There’s also a respectful sign nearby which reads: “We respectively acknowledge the traditional custodians of the land, the Darkinjung people, and pay our respect to their elders, past, present and emerging.”
It’s incredibly impressive, but perhaps even more impressive is the fact the whole wing of the hotel was put together in just three days. The FA is leaving little to chance. On the flight over, the team had their own compartment on the plane, so they brought along a specific “chrono coach” (someone who specialises in light therapy) to dictate when the lights would be dimmed. The team had already shifted to Australian time (11 hours ahead of the UK’s BST) before departure, but they used different coloured sunglasses to help control their body clocks: blue light to keep them awake, orange to encourage their bodies to make melatonin to nudge into sleep.
The goal of England’s team base was to make it a home from home. It was also attuned to Van Ginhoven’s philosophy of making the tournament resemble a tunnel of transitions. Each step moves the players into a different competition mode, from the light and familiar nature of St George’s Park back home, to the casual nature of their pretournament base on the Sunshine Coast, to Brisbane’s central business district ahead of their opener against Haiti, then into this base for the remainder.
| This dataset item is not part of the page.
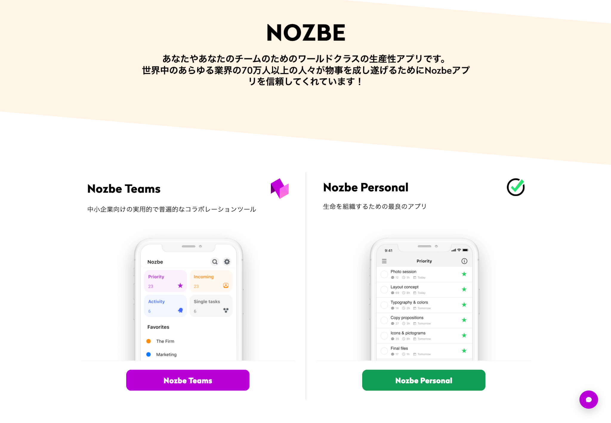| Nozbe | 無料トライアル有り | Solo / Duo

It’s a far cry from Euro 2005, where Cossington remembers how the team environment was signposted with A4 printouts manually stuck to doors and players were handed a small wallet to pay for expenses.
But ask Cossington and Van Ginhoven what they’re most proud of, and they turn to this portrait on a wall near the Scott Relaxation Room. It’s of this England squad as youngsters, a portrait of the team imagined at the start of their love of the game. It shows where they’ve come from, how far they’ve come, and where they are now on a journey in Australia they hope will end in World Cup triumph.